+++ Supplied material +++

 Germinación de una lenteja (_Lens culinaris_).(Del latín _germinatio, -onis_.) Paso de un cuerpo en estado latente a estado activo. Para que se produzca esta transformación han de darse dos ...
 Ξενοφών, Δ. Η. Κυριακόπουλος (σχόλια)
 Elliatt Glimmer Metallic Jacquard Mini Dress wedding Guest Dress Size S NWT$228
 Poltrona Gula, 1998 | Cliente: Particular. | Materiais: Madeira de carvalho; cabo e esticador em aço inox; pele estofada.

+++
+++ Supplied material +++

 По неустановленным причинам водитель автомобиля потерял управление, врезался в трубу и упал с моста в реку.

+++

What to do – With the first line being the one containing "Germinación de una" and the last line the one containing "Poltrona Gula, 1998", transcribe exactly the lines above that fall in that range.

Written reply –
 Germinación de una lenteja (_Lens culinaris_).(Del latín _germinatio, -onis_.) Paso de un cuerpo en estado latente a estado activo. Para que se produzca esta transformación han de darse dos ...
 Ξενοφών, Δ. Η. Κυριακόπουλος (σχόλια)
 Elliatt Glimmer Metallic Jacquard Mini Dress wedding Guest Dress Size S NWT$228
 Poltrona Gula, 1998 | Cliente: Particular. | Materiais: Madeira de carvalho; cabo e esticador em aço inox; pele estofada.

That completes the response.